Other capability notes captured during iPhone validation:
- `shader-f16` ✓ — packed FP16 MADs engage on A18.
- `timestamp-query` ✓ — Pro 555 doesn't expose this; could wire GPU-side
  per-pass timing.
- `subgroups` ✗ — A18 has SIMDgroup hardware but Safari's WebGPU doesn't
  surface WGSL subgroup ops yet.

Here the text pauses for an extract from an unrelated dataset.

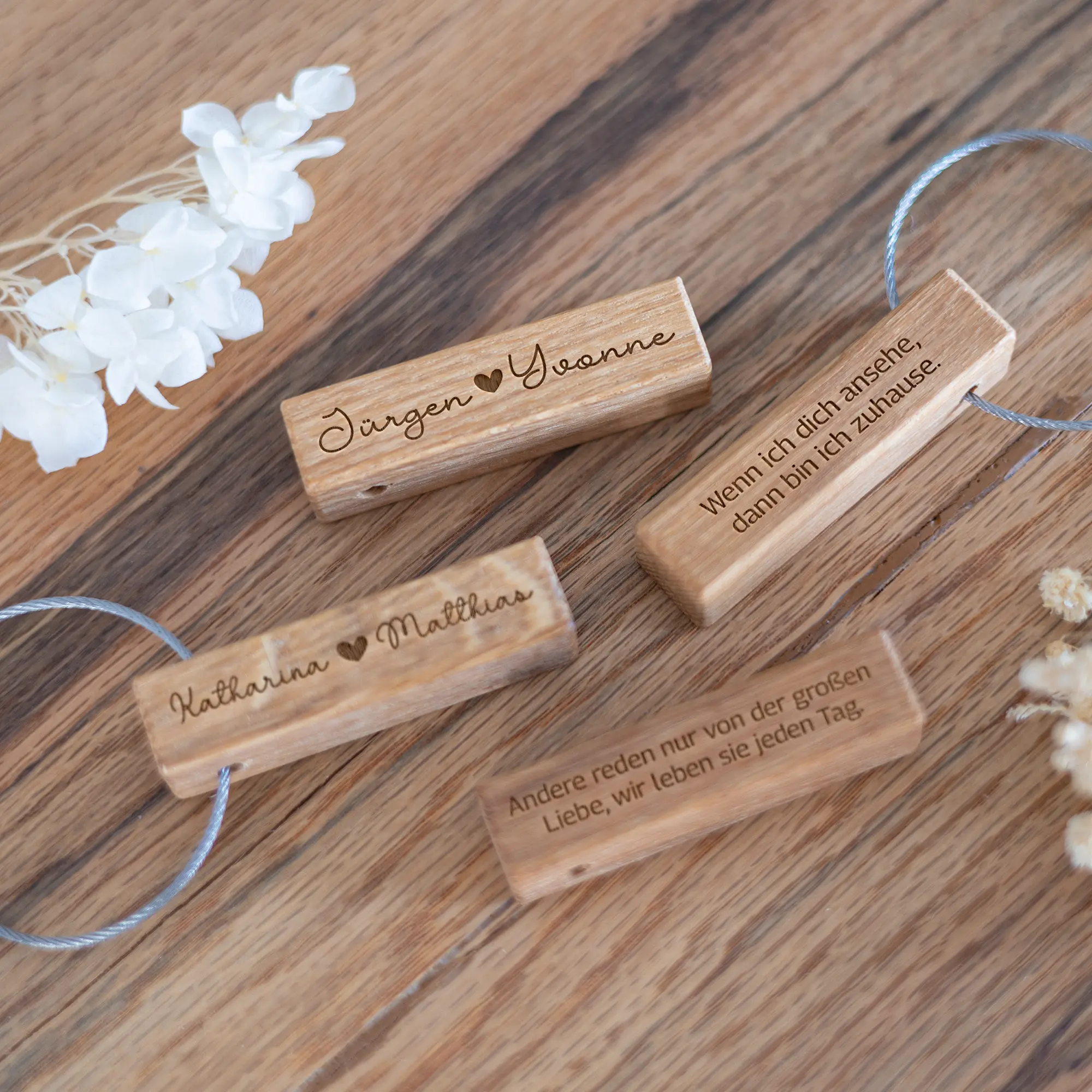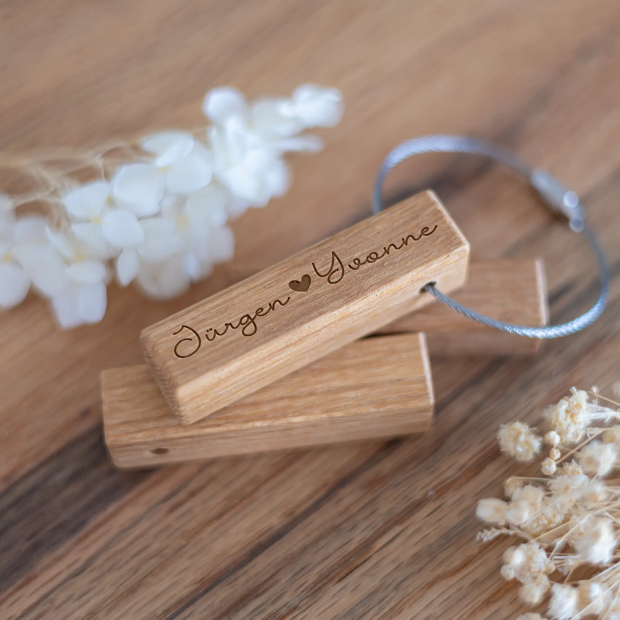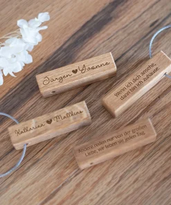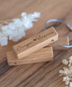 Unser personalisierter Schlüsselanhänger ist ein ideales kleines Geschenk für jede Gelegenheit! Auf das Stäbchen aus geöltem Eichenholz könnt Ihr Euren Namen und den eures Partners oder eurer Partnerin mitsamt einer kleiner Liebesbotschaft eingravieren lassen. Abgerundet wird das ganze durch ein kleines Herz zwischen den Namen. Dadurch wird der kleine Anhänger zu einem ganz besonderen Geschenk und das nicht nur zum Valentinstag, sondern auch zu eurem Jahrestag, eurer Verlobung oder einfach als kleine romantische Geste, welche ganz einfach an den Schlüsselbund angebracht werden kann.

Vision attention falls through to the
  no-subgroup HPD-f16 kernel automatically.

## Layout

```
crates/rullama/
├── src/
│   ├── api.rs                    # JS-facing Model: load / loadFromUrl / loadFromOpfs[TextOnly]
│   ├── backend/
│   │   ├── context.rs            # WgpuCtx (device, queue, adapter limits)
│   │   ├── dispatch.rs           # cached + chained kernel dispatchers (incl. backward + Adam)
│   │   ├── pipelines.rs          # one ComputePipeline per kernel (built once)
│   │   ├── weight_cache.rs       # lazy GPU upload, per-tile range fetch on big tensors
│   │   ├── matmul.rs / elementwise.rs / spike.rs    # one-shot dispatchers (parity tests)
│   ├── gguf/
│   │   ├── reader.rs             # GGUF v3 parser (header + tensor descriptors)
│   │   ├── fetcher.rs            # TensorFetcher trait + In-memory / HttpRange / Opfs impls
│   │   ├── tensor.rs             # dequant_tensor_to_f32 / dequant_row_to_f32 (sync + async)
│   │   ├── quant.rs / dtype.rs / value.rs
│   ├── kernels/wgsl/             # 70+ hand-written compute shaders (text + vision + audio + backward)
│   ├── model/config.rs           # Gemma4Config: parses gemma4.* metadata keys
│   ├── multimodal/
│   │   ├── vision.rs             # ViT forward (16 blocks, 768d, ClippableLinear)
│   │   ├── audio.rs              # Conformer forward (12 blocks, 1024d, block-local attention)
│   │   └── audio_features.rs     # WAV → 128-bin log-mel (realfft)
│   ├── reference/
│   │   ├── forward.rs            # CPU f32 forward (parity oracle)
│   │   ├── forward_gpu.rs        # M3-era GPU forward with per-kernel readbacks (oracle)
│   │   ├── forward_chained.rs    # M7 production GPU forward, per-layer submits (M15)
│   │   ├── ops.rs / weights.rs
│   ├── sampling.rs               # temperature, top-k, top-p, rep penalty
│   ├── template/gemma4_small.rs  # chat-template renderer (matches Ollama)
│   └── tokenizer/                # GGUF BPE tokenizer (Ollama-bit-exact)
└── examples/
    ├── greedy_parity.rs          # CPU forward greedy vs Ollama
    ├── chained_smoke.rs          # standalone Forward driver
    ├── model_api.rs              # public Model API end-to-end
    ├── vision_parity.rs          # vision tower vs Ollama (M11)
    ├── audio_parity.rs           # audio tower vs Ollama (M13)
    ├── matmul_bench.rs           # native wgpu matmul microbench
    └── inspect.rs / decode_ids.rs / encode_check.rs / list_tensors.rs / …

crates/rullama-finetune/
├── src/
│   ├── shared/                   # vendored config / error / progress types
│   ├── dataset_loader.rs         # JSONL parser + Tokenizer trait
│   ├── lr_schedule.rs            # warmup + linear / cosine / cosine-warm-restarts
│   ├── lora.rs                   # per-LoRA GPU state (A / B), grad buffers
│   ├── scratch.rs                # per-step GPU scratch buffers for backward
│   └── session.rs                # TrainingSession — forward → loss → backward → Adam
└── examples/
    ├── overfit_one.rs            # M3 acceptance test
    ├── train_jsonl.rs            # JSONL dataset trainer
    └── data/echo.jsonl

examples/
├── web/                          # React + Vite + Tailwind + Workbox SW production demo
└── pwa/                          # Vanilla JS bench harness + safaridriver scripts
    ├── index.html / bench.html
    ├── inference-worker.js       # Dedicated Worker — owns Model + sync OPFS handle
    ├── opfs-store.js             # OPFS download + read API (main-thread)
    ├── opfs-writer-worker.js     # streams GGUF → OPFS via SyncAccessHandle.write
    ├── serve.sh                  # dev HTTPS server + /api/log /api/blob endpoints
    ├── run-on-iphone.sh / iphone-session-keeper.sh / clean-iphone.sh
    └── bench-on-iphone.sh

tools/ios-bench/                  # staticlib for Xcode — C-ABI rullama_run_bench
docker/                           # nginx + R2 mirror configs
scripts/                          # ops scripts (model upload, etc.)
```

## License

Dual-licensed under either of:

- Apache License 2.0 ([LICENSE-APACHE](./LICENSE-APACHE))
- MIT License ([LICENSE-MIT](./LICENSE-MIT))

at your option.

Contributions are accepted under the same dual-license terms.